Marc Zyngier Nov. 28, 2022, 6 p.m. UTC | #3
On 2022-11-28 16:22, Ard Biesheuvel wrote:
> On Mon, 28 Nov 2022 at 17:17, Ryan Roberts <ryan.roberts@arm.com> 
> wrote:
>> 
>> On 24/11/2022 12:39, Ard Biesheuvel wrote:
>> > Add the required types and descriptor accessors to support 5 levels of
>> > paging in the common code.

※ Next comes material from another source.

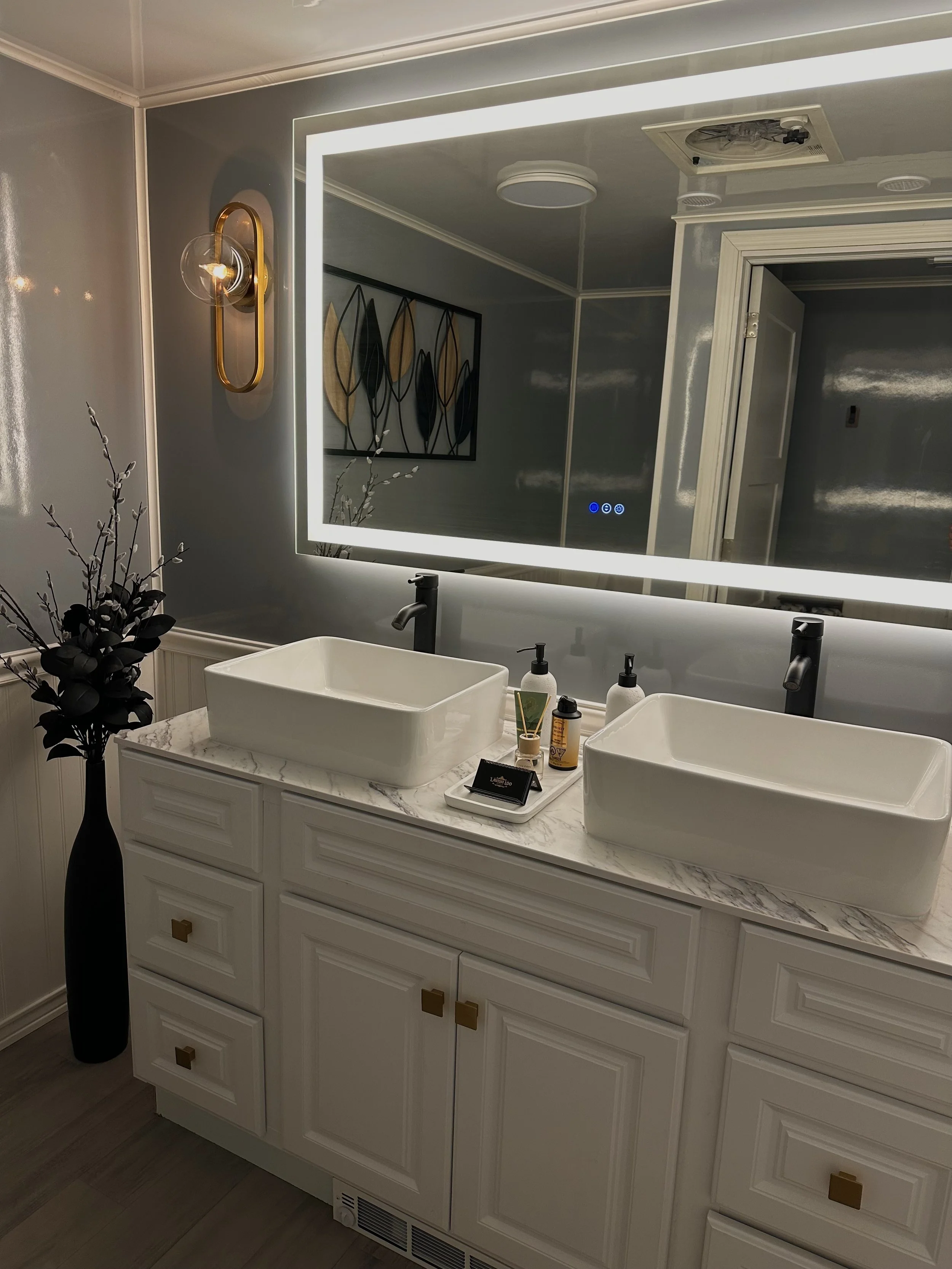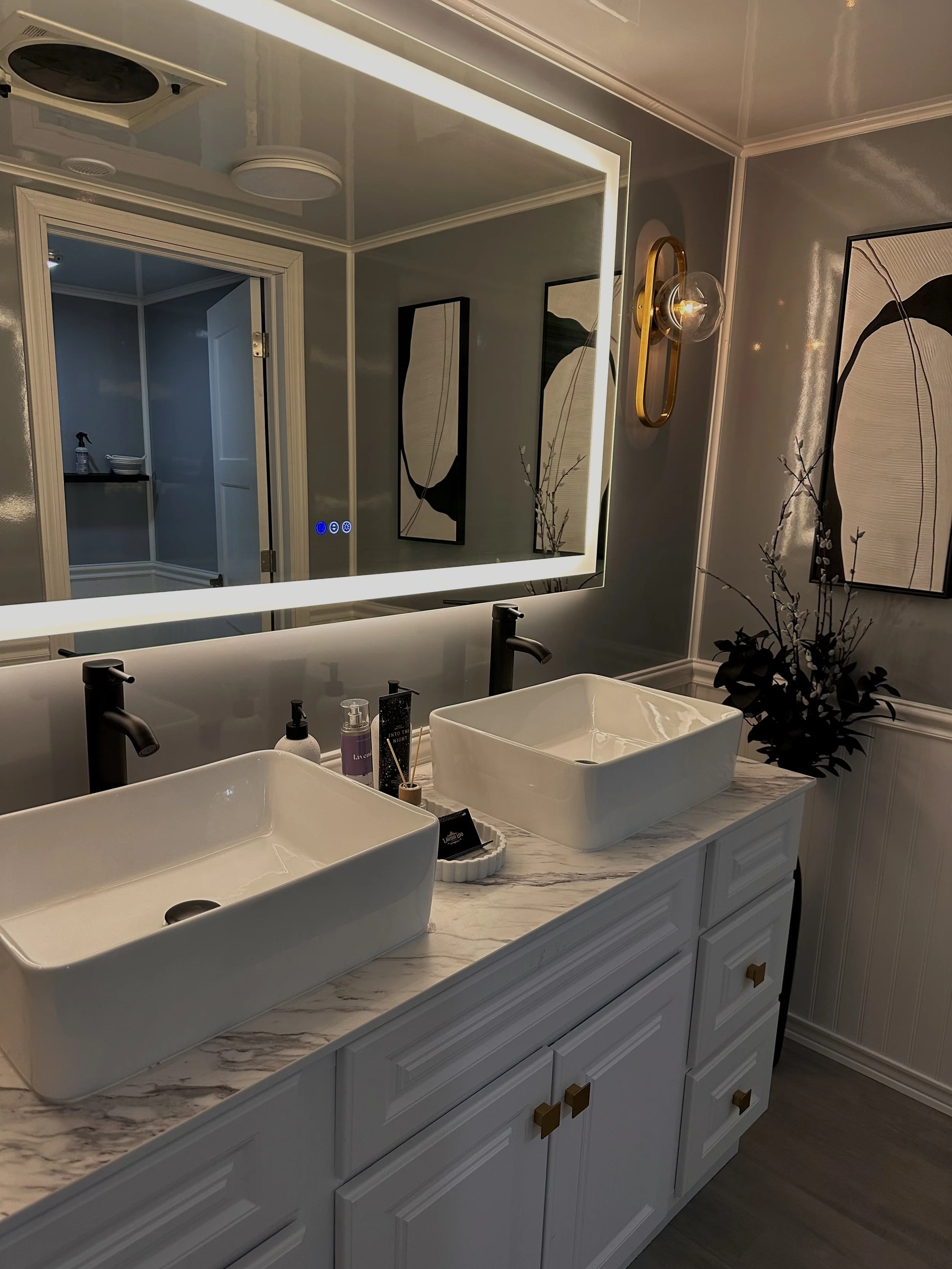 Highlights: Air conditioning, heating, running hot/cold water, 7 foot height clearance inside, full flushing toilets, LED mirrors/lighting & more

This is one of the prerequisites for
>> > supporting 52-bit virtual addressing with 4k pages.
>> >
>> > Note that this does not cover the code that handles kernel mappings or
>> > the fixmap.
>> >
>> > Signed-off-by: Ard Biesheuvel <ardb@kernel.org>
>> > ---
>> >  arch/arm64/include/asm/pgalloc.h       | 41 +++++++++++
>> >  arch/arm64/include/asm/pgtable-hwdef.h | 22 +++++-
>> >  arch/arm64/include/asm/pgtable-types.h |  6 ++
>> >  arch/arm64/include/asm/pgtable.h       | 75 +++++++++++++++++++-
>> >  arch/arm64/mm/mmu.c                    | 31 +++++++-
>> >  arch/arm64/mm/pgd.c                    | 15 +++-
>> >  6 files changed, 181 insertions(+), 9 deletions(-)
>> >
>> > diff --git a/arch/arm64/include/asm/pgalloc.h b/arch/arm64/include/asm/pgalloc.h
>> > index 237224484d0f..cae8c648f462 100644
>> > --- a/arch/arm64/include/asm/pgalloc.h
>> > +++ b/arch/arm64/include/asm/pgalloc.h
>> > @@ -60,6 +60,47 @@ static inline void __p4d_populate(p4d_t *p4dp, phys_addr_t pudp, p4dval_t prot)
>> >  }
>> >  #endif       /* CONFIG_PGTABLE_LEVELS > 3 */
>> >
>> > +#if CONFIG_PGTABLE_LEVELS > 4
>> > +
>> > +static inline void __pgd_populate(pgd_t *pgdp, phys_addr_t p4dp, pgdval_t prot)
>> > +{
>> > +     if (pgtable_l5_enabled())
>> > +             set_pgd(pgdp, __pgd(__phys_to_pgd_val(p4dp) | prot));
>> > +}
>> > +
>> > +static inline void pgd_populate(struct mm_struct *mm, pgd_t *pgdp, p4d_t *p4dp)
>> > +{
>> > +     pgdval_t pgdval = PGD_TYPE_TABLE;
>> > +
>> > +     pgdval |= (mm == &init_mm) ? PGD_TABLE_UXN : PGD_TABLE_PXN;
>> > +     __pgd_populate(pgdp, __pa(p4dp), pgdval);
>> > +}
>> > +
>> > +static inline p4d_t *p4d_alloc_one(struct mm_struct *mm, unsigned long addr)
>> > +{
>> > +     gfp_t gfp = GFP_PGTABLE_USER;
>> > +
>> > +     if (mm == &init_mm)
>> > +             gfp = GFP_PGTABLE_KERNEL;
>> > +     return (p4d_t *)get_zeroed_page(gfp);
>> > +}
>> > +
>> > +static inline void p4d_free(struct mm_struct *mm, p4d_t *p4d)
>> > +{
>> > +     if (!pgtable_l5_enabled())
>> > +             return;
>> > +     BUG_ON((unsigned long)p4d & (PAGE_SIZE-1));
>> > +     free_page((unsigned long)p4d);
>> > +}
>> > +
>> > +#define __p4d_free_tlb(tlb, p4d, addr)  p4d_free((tlb)->mm, p4d)
>> > +#else
>> > +static inline void __pgd_populate(pgd_t *pgdp, phys_addr_t p4dp, pgdval_t prot)
>> > +{
>> > +     BUILD_BUG();
>> > +}
>> > +#endif       /* CONFIG_PGTABLE_LEVELS > 4 */
>> > +
>> >  extern pgd_t *pgd_alloc(struct mm_struct *mm);
>> >  extern void pgd_free(struct mm_struct *mm, pgd_t *pgdp);
>> >
>> > diff --git a/arch/arm64/include/asm/pgtable-hwdef.h b/arch/arm64/include/asm/pgtable-hwdef.h
>> > index b91fe4781b06..b364b02e696b 100644
>> > --- a/arch/arm64/include/asm/pgtable-hwdef.h
>> > +++ b/arch/arm64/include/asm/pgtable-hwdef.h
>> > @@ -26,10 +26,10 @@
>> >  #define ARM64_HW_PGTABLE_LEVELS(va_bits) (((va_bits) - 4) / (PAGE_SHIFT - 3))
>> >
>> >  /*
>> > - * Size mapped by an entry at level n ( 0 <= n <= 3)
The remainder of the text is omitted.